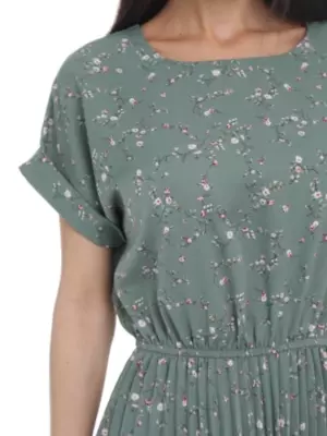 Легкое летнее платье свободного облегания с невероятно популярной в этом сезоне юбкой гофре. Отлично подойдет на любую фигуру. Платье отрезное по талии и по шву собрано на резинку. Горловина обработана обтачкой. Рукава цельнокроенные короткие с манжетой.
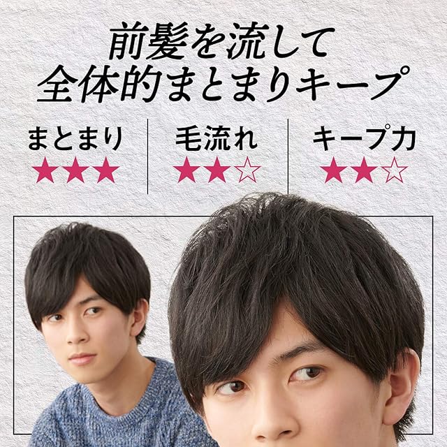 ・前髪を流してまとめた 重めでスマートなフォルムをキープするセラム。
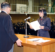 入学生誓いの言葉を述べる斎藤さん(藤ノ花女子高校で)
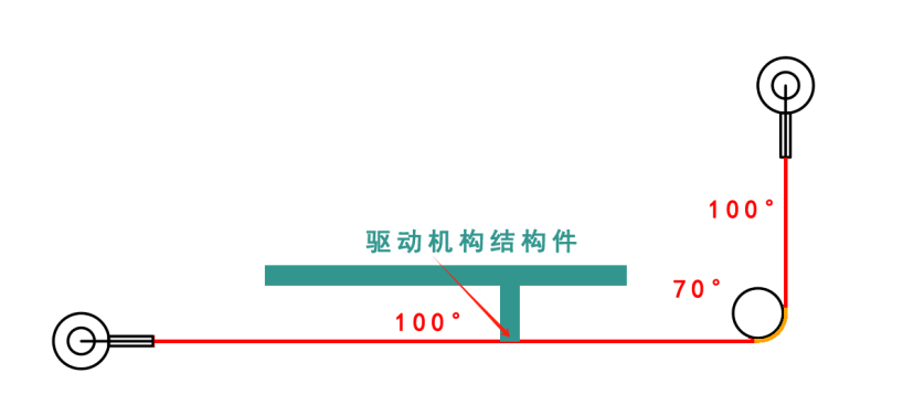 所以,驱动钛丝经过的转轴或支点结构时,需要考虑这个驱动位移量(以及力量)的损失,当采用金属转轴或支点时,还需要考虑温度损失。
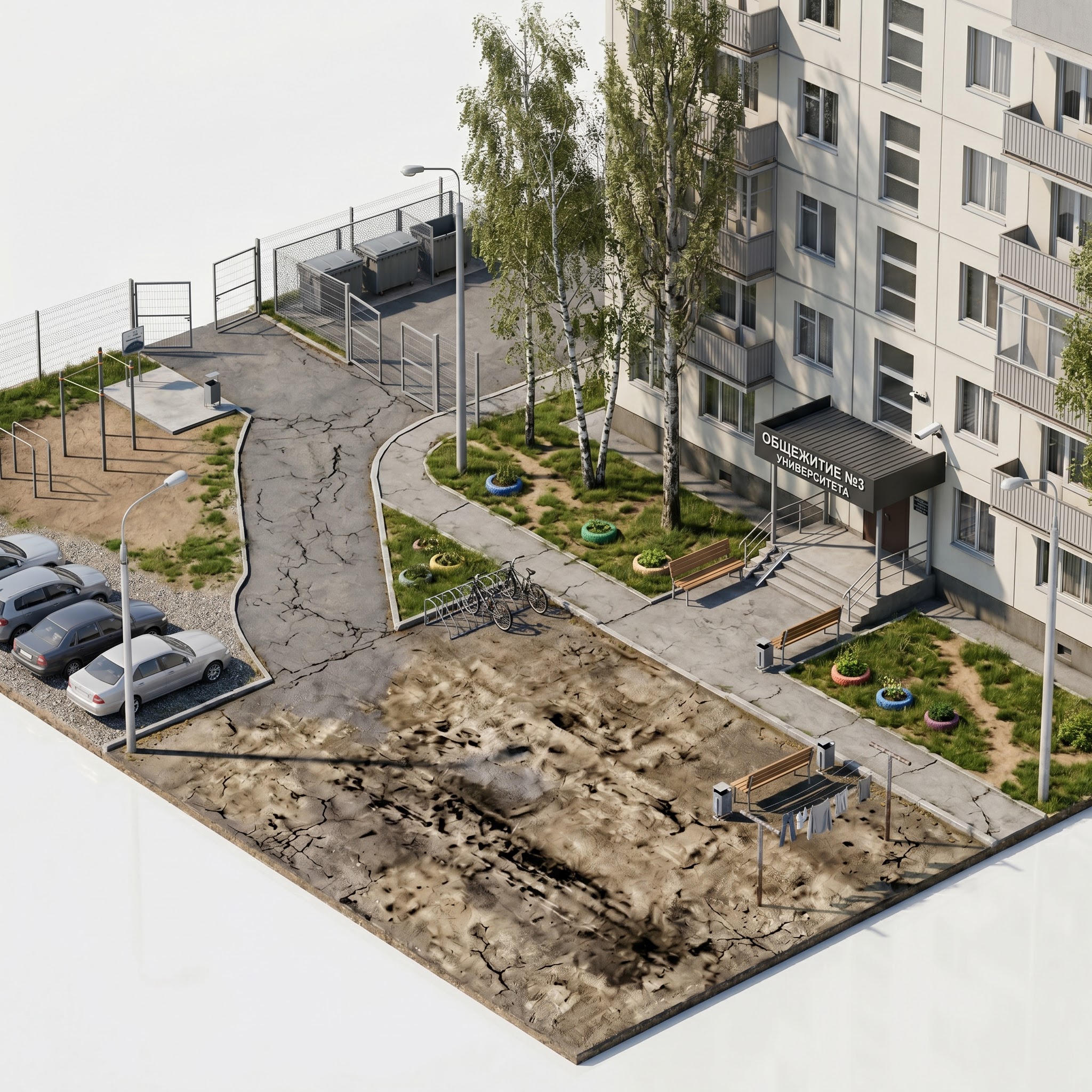 Проект охватывает придомовую территорию студенческого общежития №3 университета. Решение построено по принципу разумной экономии: на ограниченной площади размещён базовый набор функций, необходимых для повседневной жизни студентов в общежитии — парковка автомобилей, велопарковка у входа, входная группа со скамьями, хозяйственная зона с площадкой для сушки белья, площадка для контейнерного мусоросборника и небольшая спортивная зона с турниками. Входная группа примыкает к крыльцу общежития: установлены скамьи и используются цветники в декоративных шинах — типовое решение для бюджетного двора. Пешеходная связь от входа выводит к велопарковке, далее к асфальтовой дорожке, ведущей к спортивной площадке у дальней границы участка и к контейнерной площадке с сетчатым ограждением. Хозяйственный блок с сушилками для белья вынесен в отдельную зону на грунтовом покрытии и обслуживает бытовые нужды проживающих. Парковка вдоль западной границы рассчитана на легковые автомобили сотрудников и студентов и выполнена в гравийном исполнении. Проект сознательно удерживает минимальный бюджет: используются простые материалы, базовые МАФ и существующее озеленение из берёз. Такое решение подходит для университетов с ограниченным финансированием, когда необходимо закрыть базовые функции придомовой территории общежития без капитальных вложений в дорогостоящие покрытия и оборудование.
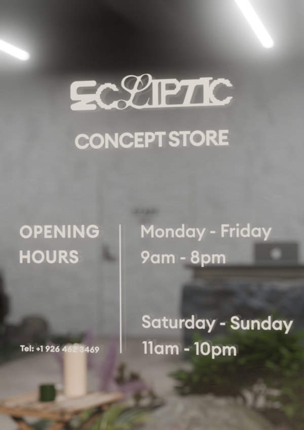 Дизайн пространства магазина Ecliptic — это воплощение гибридности: здесь бетонные плоскости сочетаются с островками живой зелени. Продукты представлены на зеленых оазисах и подиумах из камня дерева и металла. Данное решение символизирует диалог между яркой, натуральной природой и «холодным», структурным городом.
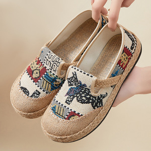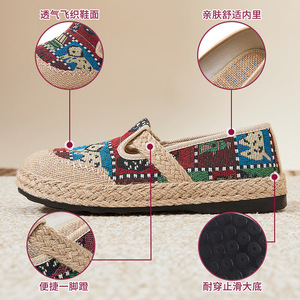 女性のための靴 2025 夏の新しいカジュアルハーフスリッパエスニックスタイル織靴卸売ドロップシッピング通気性と快適な女性の靴
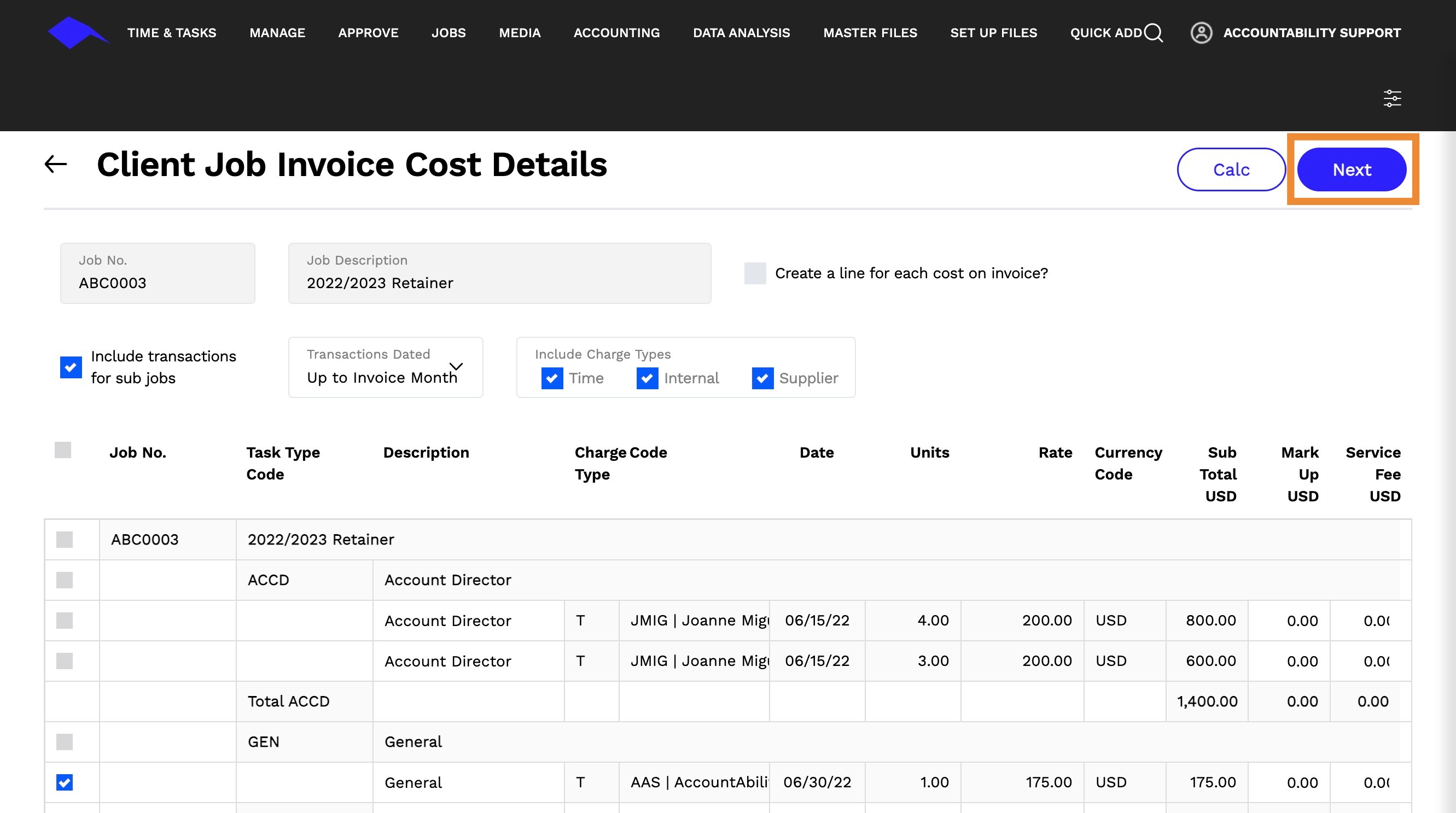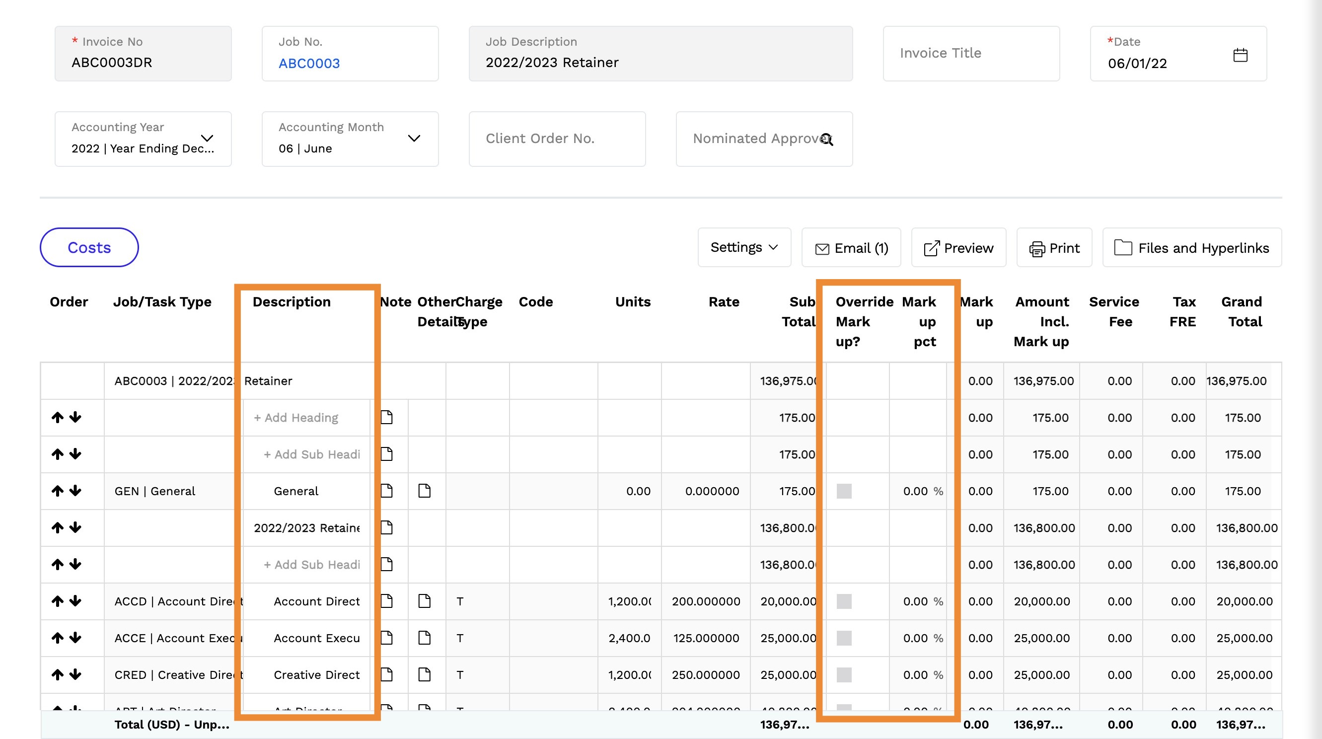12. To include both actual costs and scheduled estimated amounts on the invoice, you can choose to include or exclude billed supplier costs by selecting the Override Mark Up? option. You can then edit the Mark up and Description for the actual line items as needed.
#####
## Assigned task
In the records above, copy exactly everything from the line that has "入学生誓いの言葉を述べる斎藤さん(藤ノ花女子高校で)" down to the line that has "所以,驱动钛丝经过的转轴或支", both ends included, and leave out the pictures.

## Solution to this problem
 入学生誓いの言葉を述べる斎藤さん(藤ノ花女子高校で)
 所以,驱动钛丝经过的转轴或支点结构时,需要考虑这个驱动位移量(以及力量)的损失,当采用金属转轴或支点时,还需要考虑温度损失。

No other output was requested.